Altmer inspired me to create a thread like this of my own. I definitely don't want to take attention away from his, so go visit it if you haven't.

Here are a few of my personal recommendations. Because I am a member of many private torrent trackers, I am constantly exposed to new and interesting music. There's more bad than good (I am quite picky), but a few gems have been found in my constant mission to hear everything in the world. I will add something new every day. If you want, post some other bands you like and I'll see if I can find something I think you'd enjoy. I'm not making any promises, though. ;)

*Recommendations:
*

Jan 24 - Blutengel
Jan 25 - Jill Tracy


----------



## Retsu (Jan 24, 2009)

*January 24, 2009*​Blutengel
Recommended tracks (Youtube): Dancing in the Light, Seelenschmerz, Vampire Romance





​ 
*Quick summary: *Hailing from the heart of twisted, dark, and danceable music (that is, Germany), Blutengel's eccentric combination of eurodance and a prevalent gothic aesthetic has intrigued the darkwave scene since their humble beginnings in 1998. Their music is quite varied - male and female vocals are utilized equally, and there are lyrics in both English and German.

*Why they were chosen:* For lack of a better word, Blutengel is a very _enjoyable_ band_._ There are many dark atmospheres present in their music, but the futurepop elements keeps things balanced and make sure the eccentricity's not too full of itself. Their music is very accessible (especially their latest release, "Dancing in the Light") and is full of passion.


----------



## Retsu (Jan 25, 2009)

*January 25, 2009*​Jill Tracy
Recommended tracks (Youtube): Evil Night Together, Haunted By the Thought of You





​ 
*Quick summary (from Wikipedia): *Jill Tracy is a singer, pianist, composer, and performance artist based in San Francisco. She has been described by the San Francisco Chronicle as "a femme fatale for the thinking man." NPR "All Things Considered" has called her "utterly intriguing, transporting you into a magical world solely of her creation." "My goal is to open the trapdoors, transport the listener into that magical place inside my head," Tracy said in an NPR interview with Susan Stamberg. "I call it the Kingdom of the Mind's Eye."

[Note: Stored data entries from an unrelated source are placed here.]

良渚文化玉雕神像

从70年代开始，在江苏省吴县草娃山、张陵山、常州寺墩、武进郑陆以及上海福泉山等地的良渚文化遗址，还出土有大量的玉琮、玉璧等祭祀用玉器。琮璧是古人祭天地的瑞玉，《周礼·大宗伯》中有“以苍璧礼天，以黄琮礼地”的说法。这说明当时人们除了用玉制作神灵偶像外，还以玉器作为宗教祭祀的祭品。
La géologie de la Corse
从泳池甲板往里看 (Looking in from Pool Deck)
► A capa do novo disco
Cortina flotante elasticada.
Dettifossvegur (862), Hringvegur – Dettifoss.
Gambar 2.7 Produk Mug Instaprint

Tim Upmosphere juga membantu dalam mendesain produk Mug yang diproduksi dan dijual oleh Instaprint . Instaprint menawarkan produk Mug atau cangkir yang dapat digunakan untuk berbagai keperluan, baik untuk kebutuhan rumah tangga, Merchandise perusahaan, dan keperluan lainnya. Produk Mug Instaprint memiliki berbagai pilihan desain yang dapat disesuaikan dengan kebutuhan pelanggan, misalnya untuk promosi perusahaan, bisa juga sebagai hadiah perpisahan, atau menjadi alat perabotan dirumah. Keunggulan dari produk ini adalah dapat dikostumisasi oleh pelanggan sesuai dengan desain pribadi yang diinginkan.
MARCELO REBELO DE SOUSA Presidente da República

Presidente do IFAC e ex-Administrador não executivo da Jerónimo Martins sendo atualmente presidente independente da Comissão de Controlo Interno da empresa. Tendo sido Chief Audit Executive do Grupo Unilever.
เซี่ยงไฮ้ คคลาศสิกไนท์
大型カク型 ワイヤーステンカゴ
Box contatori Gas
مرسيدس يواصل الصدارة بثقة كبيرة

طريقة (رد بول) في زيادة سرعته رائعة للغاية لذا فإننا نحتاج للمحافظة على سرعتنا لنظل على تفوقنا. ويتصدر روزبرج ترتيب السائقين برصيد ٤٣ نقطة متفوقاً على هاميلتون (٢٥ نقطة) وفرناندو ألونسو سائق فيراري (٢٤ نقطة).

*Why she was chosen:* There is a crystal-clear reason as to why she gets so much praise. Jill Tracy's music in one word: haunting. Inspired very much by the sound of German Weimar-era cabarets, her music is soothing, thought-provoking, and (at times) strangely beautiful. She is scary without meaning to be, she is interesting despite the fact that it's just her and a piano, and everything is presented subtly and with a lot of care. Think Amanda Palmer meets Tori Amos meets Hannah Fury - with a little bit of Frank Sinatra thrown in the mix. It really is a shame more people don't know about her.


----------